In other words: Either something is public, or it's not. You should not be able to say “public, but only for Google”.

This would remove a lot of the legal gray area, make the rules clearer for everyone and reduce the incentive for secret scraping operations.

Here's how this could work in practice:

Common Crawl (or a similar non-profit, like Internet Archive) becomes the primary public web archive, tasked with scraping, archiving, and making the dataset publicly available.
Big companies fund it because it is cheaper and cleaner than everyone scraping everything.
Everyone uses the shared dataset.

Why This Probably Won’t Happen Soon

Many people are reflexively opposed to LLMs using their content, even when it is public. That makes any political or legal progress slow. At the same time, big companies are not going to stop. They will keep ingesting this data quietly, in ways that are hard to prove or challenge.

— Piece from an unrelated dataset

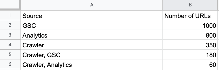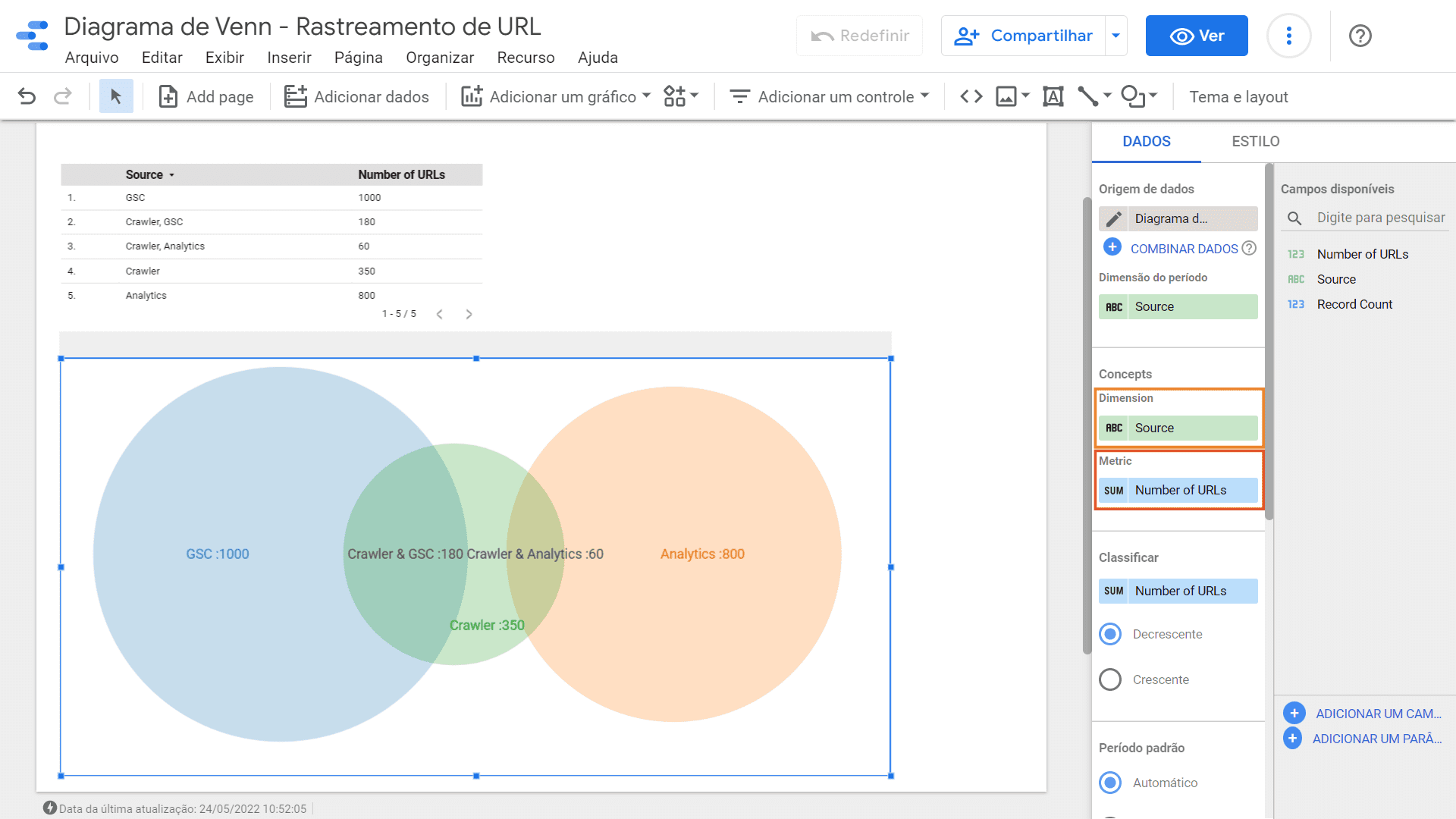 Os círculos se sobrepõem quando as Origens compartilham valores comuns, nesse caso podemos determinar que das 350 URLs rastreadas pela Crawler, 60 também foram rastreadas pelo Analytics e 180 pelo GSC.

The worst possible outcome is:

Only big companies can do this at scale.
Small companies, researchers, and non-profits are locked out.
The moat gets deeper because of legal and financial risk, not technical skill.

Ironically, the attempt to “protect” public content is what strengthens this moat.

I don't want AI to be trained with my content

That's an understandable position. I believe the system I describe could actually help:

You add metadata to your content opting out of AI training. Similar to how noindex opts out of indexing, a hypothetical notrain could explicitly opt out of AI training.
Your content gets crawled and stored in the corpus, with the opt-out metadata.
AI labs are required to disclose which training corpus versions have been used for a specific model.
If you find your content reproduced verbatim by an AI which was trained by a version of the corpus that has notrain metadata for your content, this is automatic proof that your copyright rights have been violated.

Yes, bad actors could still ignore the flag, which would be the same situation as today, but it would be an explicit act of disregarding the opt-out and thus easier to punish, whereas today there's really no recourse.

There must be a better way

We can keep the current situation, where everyone duplicates work, sites get hammered, the rules are unclear, and only the biggest players really win. Or we can treat public web data like the shared resource it already is: scrape it once, do it politely, share the results, and put clear rules around acceptable use.

That would be cheaper, cleaner, and more honest than what we are doing now. Even if it requires an uncomfortable compromise, it is still better than the slow, wasteful mess we are currently stuck with.